Microsoft has released a few days ago the news that has released the source code of its tool «GCToolkit», which is a set of libraries to parse the Java Garbage Collection log files, with which all the GCToolkit code available on GitHub under the MIT license.
GCToolkit consists of three Java modules covering APIs, GC log file parsers, and a Vert.x toolkit-based message backplate for building responsive applications on the JVM. With this utility, users can create arbitrary and complex scans of the state of managed memory in the JVM.
As the name suggests, this is a set of libraries for parsing Java garbage collection (GC) log files and parsing them in separate events. Expose an API to improve engagement with the toolkit and data aggregation, this allows the user to create arbitrary complex analyzes of the state of the JVM's managed memory.
According to the team, this is the user entry point in GCToolkit that hides the details of the internal modules in a few method calls. In addition to the API, there are two other modules: the parsing module and Vert.x. The Parser Module is based on a collection of regular expressions and code written to be considered the most robust GC log analyzer available.
The messaging backend based on Vert.x uses two message buses: the former transmits data from a data source. The current implementation passes log lines from the GC log file. The consumers of this bus are the analyzers that convert the data from the data source into events that represent a GC cycle or safe point. These events are published on the second message bus: the event bus. The event bus subscribers can then be notified and process the events that interest them.
Parser emits discrete JVM events, allowing you to write code to capture and analyze data from these events. To facilitate data capture and analysis of GC log files, GCToolkit provides a simple aggregation framework. The type of data users want to capture or the type of analysis they want to perform is at the user's discretion. For example, to capture pause events to analyze heap occupancy, the aggregator captures the event, extracts the relevant data, and passes the data to the aggregation.

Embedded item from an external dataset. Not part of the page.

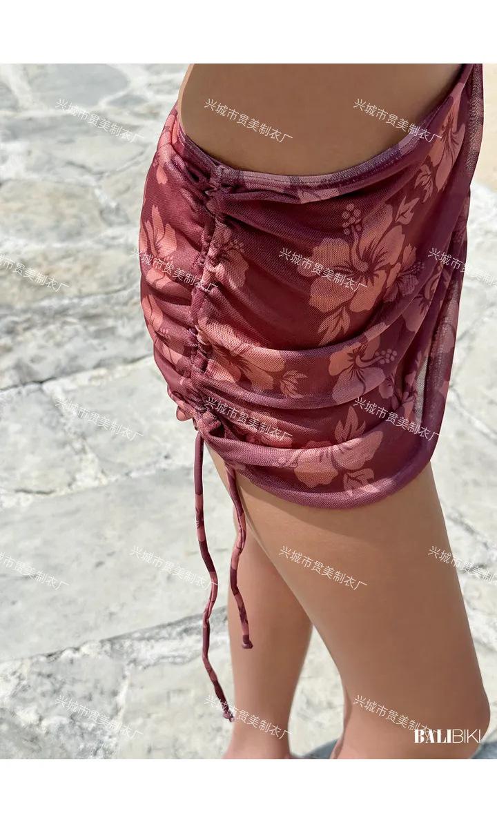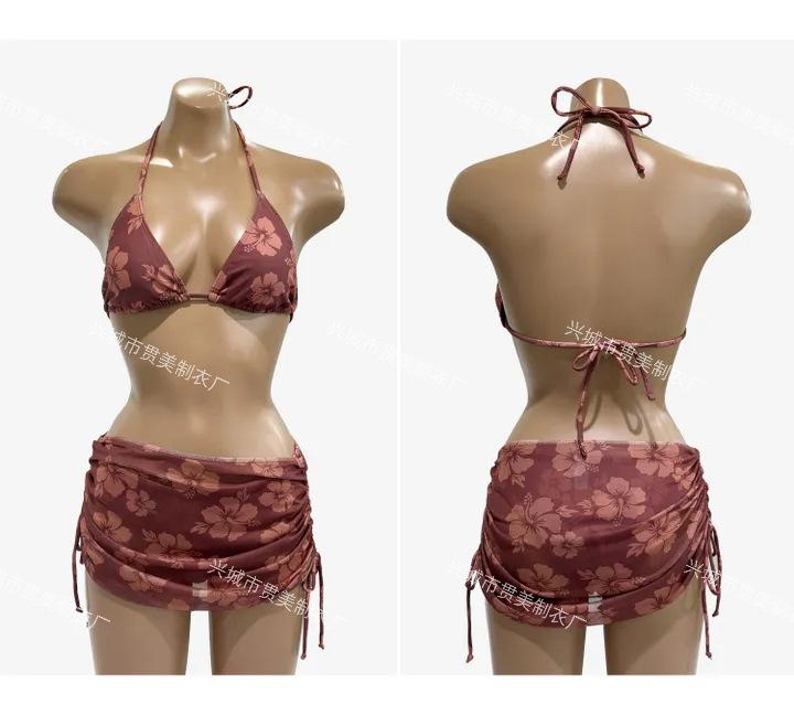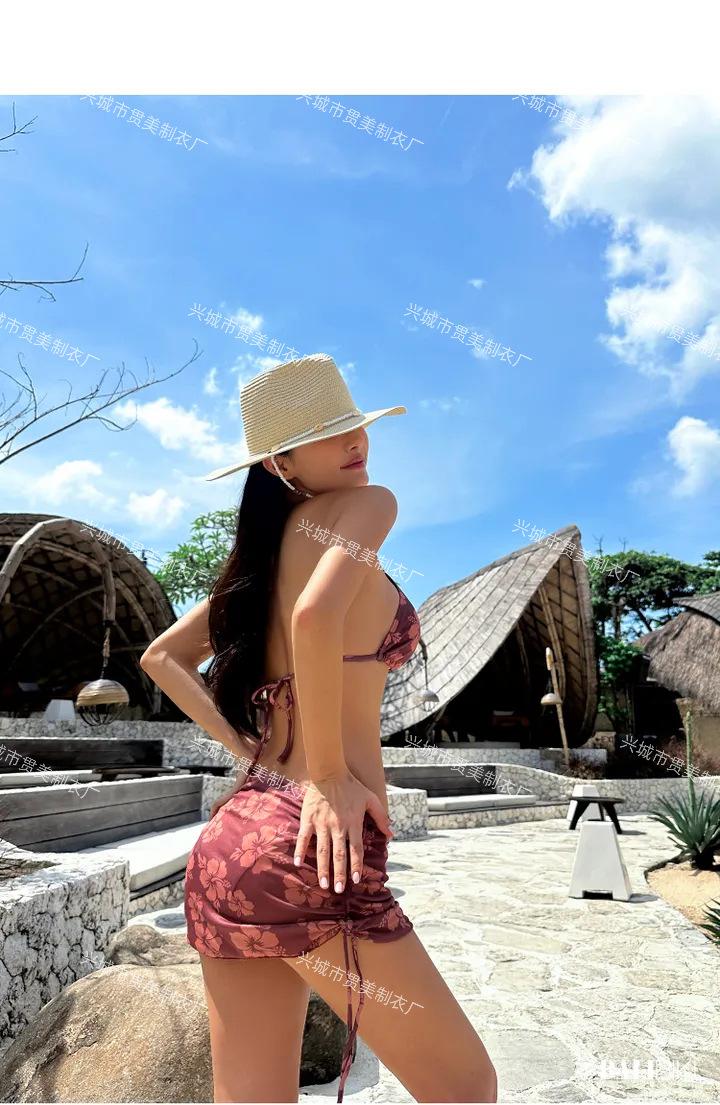 Bikini Sexy Caliente Japonés y Coreano de Alta Gama con Tirantes Ins Adelgazante Dividido Falda con Cordón Traje de Baño de Tres Piezas para Mujer

This brings the data together in a meaningful analysis, for example total heap occupancy after garbage collection. The resulting data can be presented in the form of a graph, table, or another more user-friendly format. More importantly, according to the team, a suboptimal collector configuration will result in an application that requires more CPU and memory, while degrading the end-user experience. In other words, a poorly tuned collector often means more expensive runtime and dissatisfied users.
With Microsoft's growing interest in the Java platform, focus in open source it is also increasing the benefits for the Java community. After making significant contributions to port macOS M1 and Windows to Arm, Microsoft reaffirmed its commitment to OpenJDK by introducing its own version of OpenJDK and joining the Eclipse Adoptium working group (formerly known as AdoptOpenJDK).
By making GCToolkit open source, Microsoft is trying to provide a better way to see the internals of the JVM on how it handles GC and memory allocation. Better visibility allows better configuration, which benefits both the end users of the application and the technical personnel responsible for its management.
The simple API and easy-to-use output mechanisms promise to improve the task of reading GC logs by providing various mechanisms to analyze, extract, and visualize data.